== PROVIDED RECORDS ==

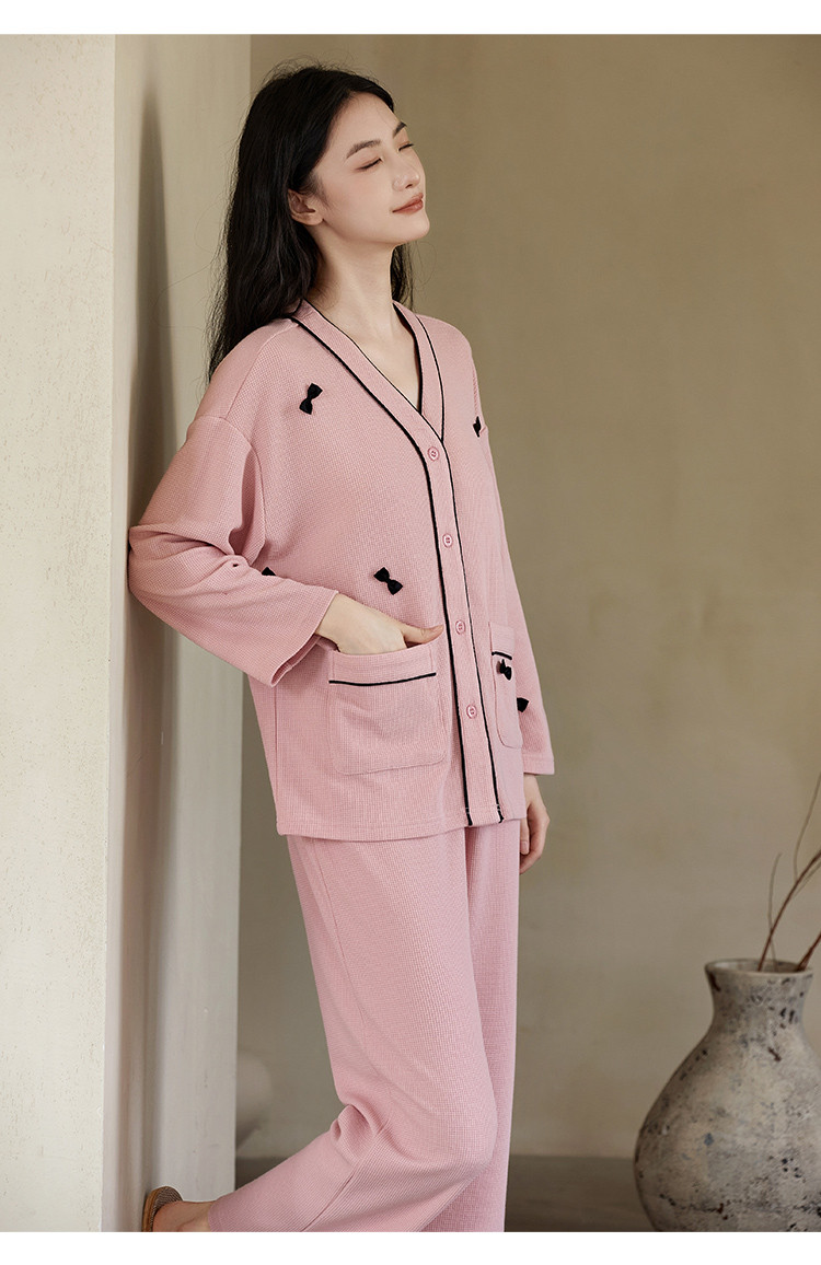 【奶油蛋糕】V领蝴蝶夹长袖套装睡衣女棉柔女士家居服舒适柔软 677643
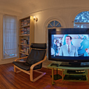 indoor, moody, living room, TV screen, framed artwork, Hollywood
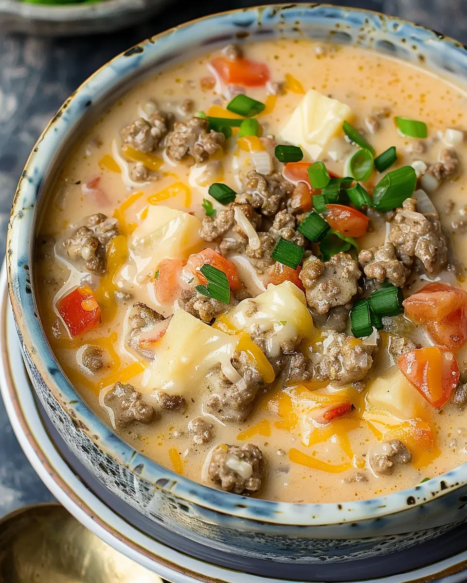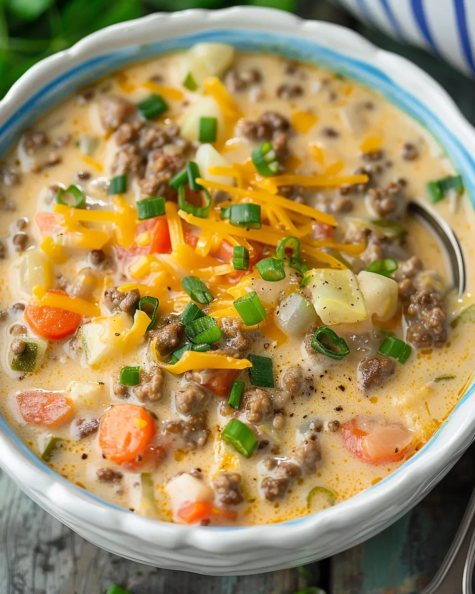 Home » Recipes » Easy Cheeseburger Soup: A Cozy, Indulgent Twist with Turkey Bacon
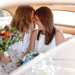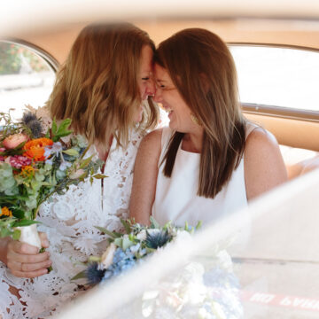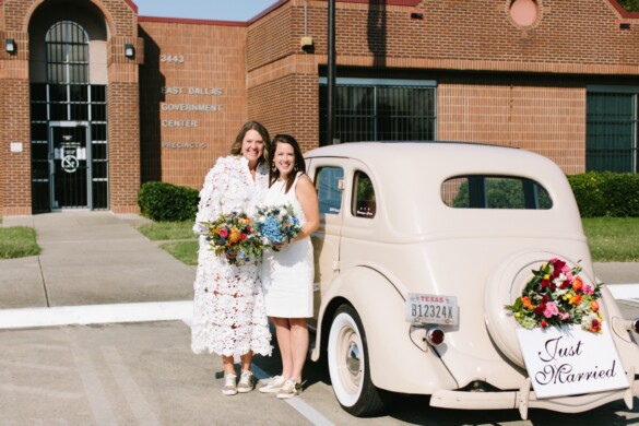 D Weddings celebrates unions of couples of all races, faiths, cultures, and orientations. To celebrate Pride Month, we’re catching up with a few couples from our favorite LGBTQ+ weddings from over the years. Lacy Montgomery and Maggie Watson planned to tie the knot on October 4, 2020, in Cape Cod, Massachusetts, where Maggie grew up visiting her grandparents. When the Covid pandemic waylaid those plans, they decided on a whim to make it official that day anyway, exchanging vows in a spontaneous courthouse ceremony. The couple catches us up on what they’ve been up to since that special day—and what married life has meant to them.
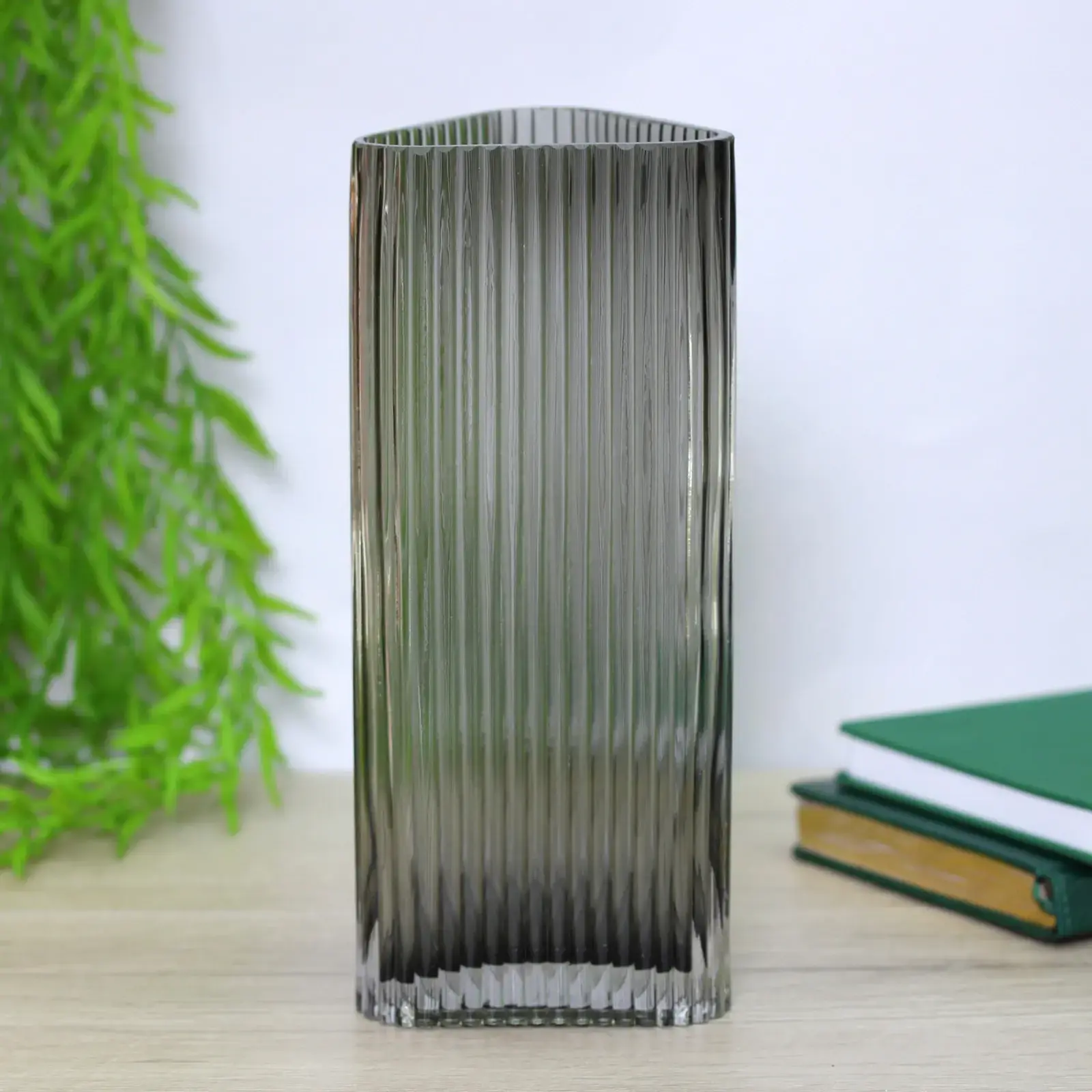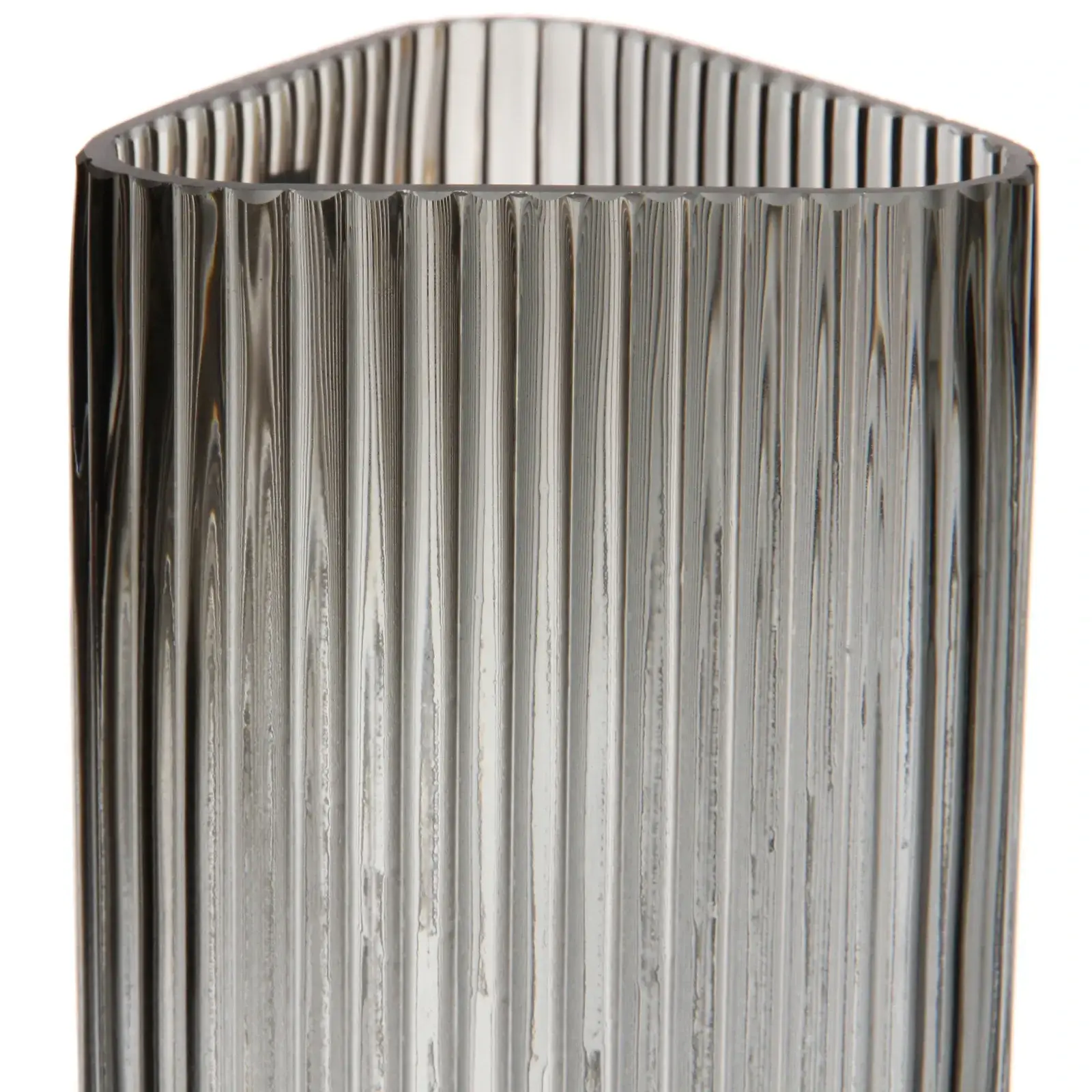 Ваза выполнена из прозрачного стекла с легким серым оттенком, что позволяет ей гармонично вписываться в любой интерьер. Ее треугольная форма и вертикальные рифления придают изделию уникальный вид. Не упустите возможность украсить свой дом стильным аксессуаром, который будет радовать вас и ваших гостей!
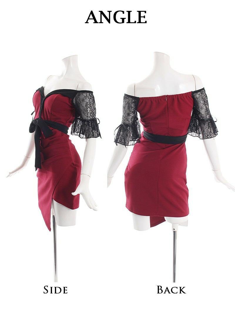 えちえち肌魅せで男性をメロメロに Sライン魅せサイドシアーブラックレースオフショルミニドレス ゆとりなお 着用キャバクラドレス【Ryuyu】(S/M/L)(バーガンディ/ターコイズ) ptpl
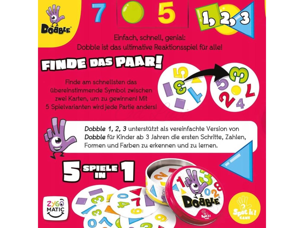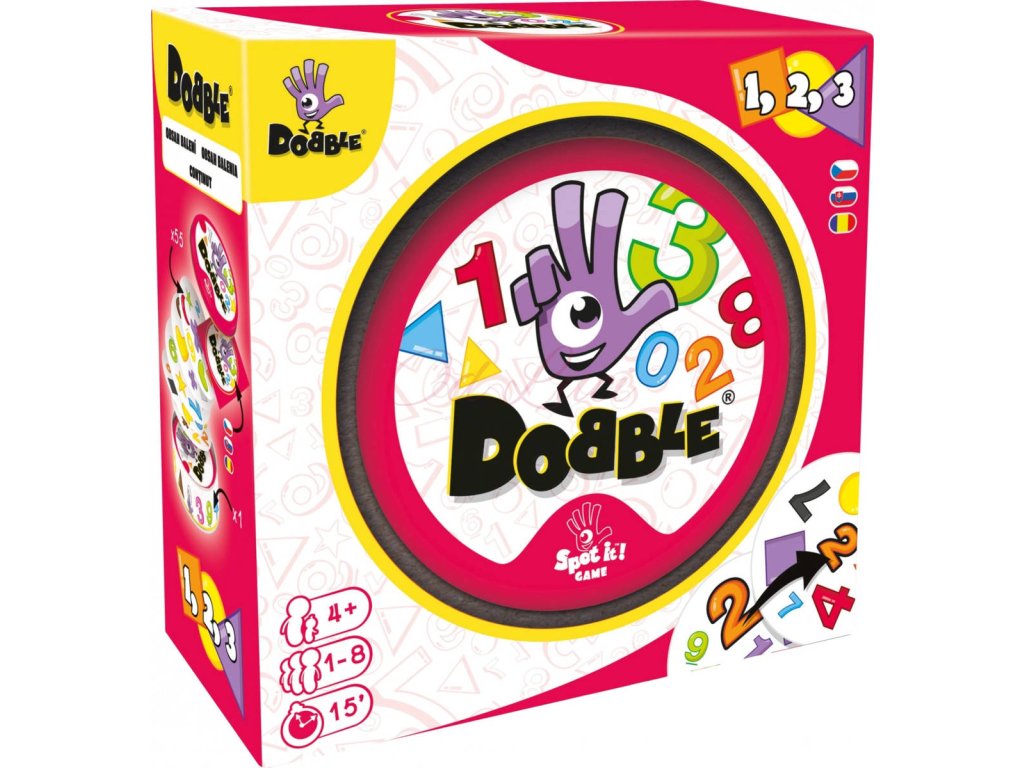 Dobble 1-2-3 je varianta oblíbené hry Dobble určená především pro menší děti, která při hraní přináší dětem pozvolný úvod do poznávání tvarů, čísel a barev.

===

### GOAL OF THE EXERCISE
Give back the records exactly, minus any pictures.

### REPLY
 【奶油蛋糕】V领蝴蝶夹长袖套装睡衣女棉柔女士家居服舒适柔软 677643
 indoor, moody, living room, TV screen, framed artwork, Hollywood
 Home » Recipes » Easy Cheeseburger Soup: A Cozy, Indulgent Twist with Turkey Bacon
 D Weddings celebrates unions of couples of all races, faiths, cultures, and orientations. To celebrate Pride Month, we’re catching up with a few couples from our favorite LGBTQ+ weddings from over the years. Lacy Montgomery and Maggie Watson planned to tie the knot on October 4, 2020, in Cape Cod, Massachusetts, where Maggie grew up visiting her grandparents. When the Covid pandemic waylaid those plans, they decided on a whim to make it official that day anyway, exchanging vows in a spontaneous courthouse ceremony. The couple catches us up on what they’ve been up to since that special day—and what married life has meant to them.
 Ваза выполнена из прозрачного стекла с легким серым оттенком, что позволяет ей гармонично вписываться в любой интерьер. Ее треугольная форма и вертикальные рифления придают изделию уникальный вид. Не упустите возможность украсить свой дом стильным аксессуаром, который будет радовать вас и ваших гостей!
 えちえち肌魅せで男性をメロメロに Sライン魅せサイドシアーブラックレースオフショルミニドレス ゆとりなお 着用キャバクラドレス【Ryuyu】(S/M/L)(バーガンディ/ターコイズ) ptpl
 Dobble 1-2-3 je varianta oblíbené hry Dobble určená především pro menší děti, která při hraní přináší dětem pozvolný úvod do poznávání tvarů, čísel a barev.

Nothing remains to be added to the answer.